ASSIGNMENT:
From the entries below, output the line with "2019年12月12日,数学" and each following line up to and including the line with "锋菲 2003 年 6", exactly as written.

SUPPLIED RECORDS:

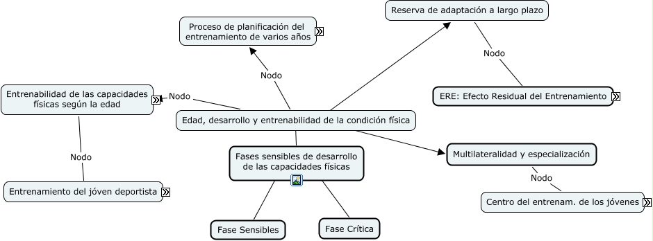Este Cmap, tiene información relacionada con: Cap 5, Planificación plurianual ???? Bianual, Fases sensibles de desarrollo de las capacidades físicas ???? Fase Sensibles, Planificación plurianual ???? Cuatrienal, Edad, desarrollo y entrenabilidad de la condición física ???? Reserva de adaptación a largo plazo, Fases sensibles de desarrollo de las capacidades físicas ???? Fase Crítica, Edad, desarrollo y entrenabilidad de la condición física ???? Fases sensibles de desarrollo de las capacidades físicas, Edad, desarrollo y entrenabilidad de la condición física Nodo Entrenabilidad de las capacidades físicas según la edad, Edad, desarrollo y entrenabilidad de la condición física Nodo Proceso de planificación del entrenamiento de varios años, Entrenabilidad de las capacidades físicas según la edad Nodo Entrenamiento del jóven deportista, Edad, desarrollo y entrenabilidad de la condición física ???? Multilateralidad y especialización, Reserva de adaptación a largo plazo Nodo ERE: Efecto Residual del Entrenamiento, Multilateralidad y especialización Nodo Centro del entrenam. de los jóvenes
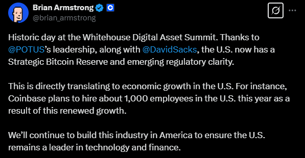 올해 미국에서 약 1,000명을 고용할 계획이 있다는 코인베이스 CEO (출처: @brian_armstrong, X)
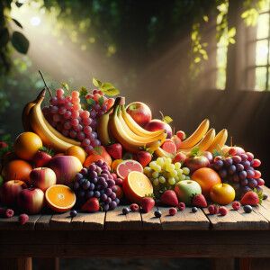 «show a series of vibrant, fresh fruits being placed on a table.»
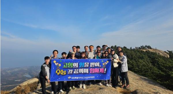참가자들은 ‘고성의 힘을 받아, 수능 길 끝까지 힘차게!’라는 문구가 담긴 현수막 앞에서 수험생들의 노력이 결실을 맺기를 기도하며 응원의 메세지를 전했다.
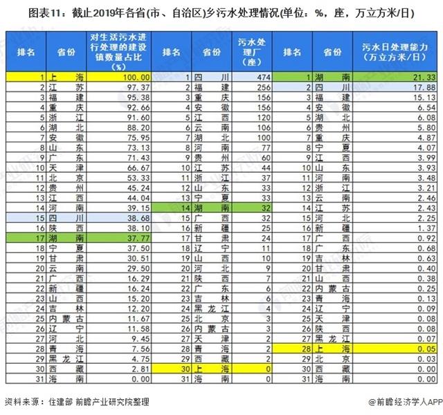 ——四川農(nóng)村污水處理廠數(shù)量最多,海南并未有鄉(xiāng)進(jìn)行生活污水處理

...

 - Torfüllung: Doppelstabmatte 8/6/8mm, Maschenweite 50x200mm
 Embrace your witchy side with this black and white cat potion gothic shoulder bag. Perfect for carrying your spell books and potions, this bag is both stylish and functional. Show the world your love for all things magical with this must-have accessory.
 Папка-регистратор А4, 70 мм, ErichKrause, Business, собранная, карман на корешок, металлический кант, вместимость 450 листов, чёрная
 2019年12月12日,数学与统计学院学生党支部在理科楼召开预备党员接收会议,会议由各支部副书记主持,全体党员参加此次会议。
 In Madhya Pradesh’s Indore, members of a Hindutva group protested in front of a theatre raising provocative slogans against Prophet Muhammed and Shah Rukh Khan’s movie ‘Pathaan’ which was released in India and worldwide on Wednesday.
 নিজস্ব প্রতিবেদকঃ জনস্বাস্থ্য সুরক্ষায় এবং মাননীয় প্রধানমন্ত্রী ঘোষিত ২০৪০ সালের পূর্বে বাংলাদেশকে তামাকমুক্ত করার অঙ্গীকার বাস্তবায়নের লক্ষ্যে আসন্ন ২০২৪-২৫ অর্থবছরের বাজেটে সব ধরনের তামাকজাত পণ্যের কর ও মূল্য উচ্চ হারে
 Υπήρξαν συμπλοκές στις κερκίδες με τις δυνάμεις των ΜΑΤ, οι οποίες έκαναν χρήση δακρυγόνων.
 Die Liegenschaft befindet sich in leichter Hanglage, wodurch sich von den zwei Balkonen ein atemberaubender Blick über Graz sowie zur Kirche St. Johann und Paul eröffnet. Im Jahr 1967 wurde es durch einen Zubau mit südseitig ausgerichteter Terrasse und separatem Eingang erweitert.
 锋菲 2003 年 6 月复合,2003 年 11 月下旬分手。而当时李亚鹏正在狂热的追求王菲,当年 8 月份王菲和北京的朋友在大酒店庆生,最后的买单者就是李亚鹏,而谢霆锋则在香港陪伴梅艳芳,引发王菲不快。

OUTPUT OF THE EXERCISE:
 2019年12月12日,数学与统计学院学生党支部在理科楼召开预备党员接收会议,会议由各支部副书记主持,全体党员参加此次会议。
 In Madhya Pradesh’s Indore, members of a Hindutva group protested in front of a theatre raising provocative slogans against Prophet Muhammed and Shah Rukh Khan’s movie ‘Pathaan’ which was released in India and worldwide on Wednesday.
 নিজস্ব প্রতিবেদকঃ জনস্বাস্থ্য সুরক্ষায় এবং মাননীয় প্রধানমন্ত্রী ঘোষিত ২০৪০ সালের পূর্বে বাংলাদেশকে তামাকমুক্ত করার অঙ্গীকার বাস্তবায়নের লক্ষ্যে আসন্ন ২০২৪-২৫ অর্থবছরের বাজেটে সব ধরনের তামাকজাত পণ্যের কর ও মূল্য উচ্চ হারে
 Υπήρξαν συμπλοκές στις κερκίδες με τις δυνάμεις των ΜΑΤ, οι οποίες έκαναν χρήση δακρυγόνων.
 Die Liegenschaft befindet sich in leichter Hanglage, wodurch sich von den zwei Balkonen ein atemberaubender Blick über Graz sowie zur Kirche St. Johann und Paul eröffnet. Im Jahr 1967 wurde es durch einen Zubau mit südseitig ausgerichteter Terrasse und separatem Eingang erweitert.
 锋菲 2003 年 6 月复合,2003 年 11 月下旬分手。而当时李亚鹏正在狂热的追求王菲,当年 8 月份王菲和北京的朋友在大酒店庆生,最后的买单者就是李亚鹏,而谢霆锋则在香港陪伴梅艳芳,引发王菲不快。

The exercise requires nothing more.